С 1959 года по 1964-й — самое страшное время. Советское государство со всем своим могучим аппаратом, со всей армией чекистов и сексотов, со всем неисчислимым штатом пропагандистов, журналистов, корреспондентов — ударило по Церкви. Мы были при этом изолированы от всех. Казалось, Церковь в России обречена. Патриархия занимала явно коллаборационистскую позицию и срывала попытки организовать какое-либо сопротивление или предать гласности факты вопиющих безобразий.

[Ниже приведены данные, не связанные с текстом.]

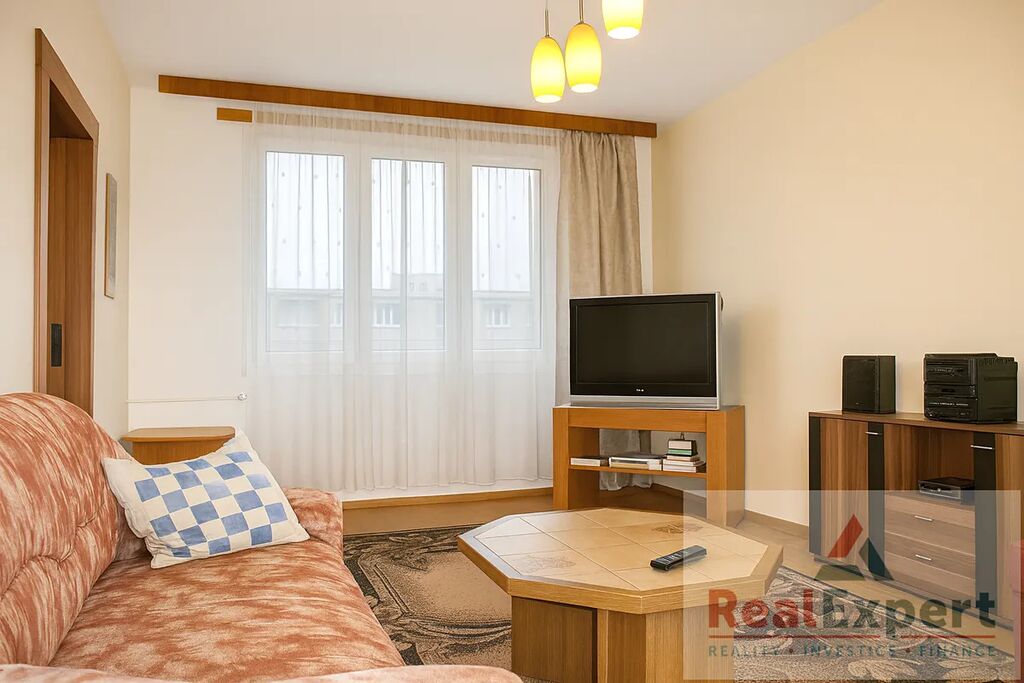 Exkluzivně Vám nabízíme k prodeji zrekonstruovaný, klidný byt 2+1/L, o ploše 65 m2 + zasklená lodžie 7 m2 (celkem 72 m2), situovaný v 5. patře zrekonstruovaného panelového domu, ve vyhledávané lokalitě Praha 4 - Kamýk, ul. Olbramovická. Byt se sestává ze vstupní haly, prostorného obývacího pokoje, ložnice, kuchyně s jídelním koutem a koupelny s vanou a toaletou. Kuchyňský kout je plně vybavený spotřebiči (plynový sporák s el. troubou, digestoř, lednice, mrazák, myčka nádobí a mikrovlnná trouba). Na chodbě a v ložnici jsou praktické vestavěné skříně. K bytu náleží sklep. Dům se nachází v klidné ulici obklopené zelení. Veškerá občanská vybavenost v místě, sportovní a rekreační vyžití - cyklostezky, stezky pro turisty i příznivce in-line bruslí, fotbalové hřiště, tenisové kurty, fitness. Doporučujeme.

Причем фигура престарелого Патриарха, который в это время уже приближался к половине девятого десятка, конечно, перевешивала в глазах мирового общественного мнения голоса отдельных лиц.
В то же время Церковь была совершенно изолирована и от нарождающейся оппозиции.
Бунтующая молодежь, которая в это время устраивала демонстрации, митинги, чтения стихов на площади Маяковского, просто не замечала Церкви, и Церковь не имела с ней решительно никаких связей.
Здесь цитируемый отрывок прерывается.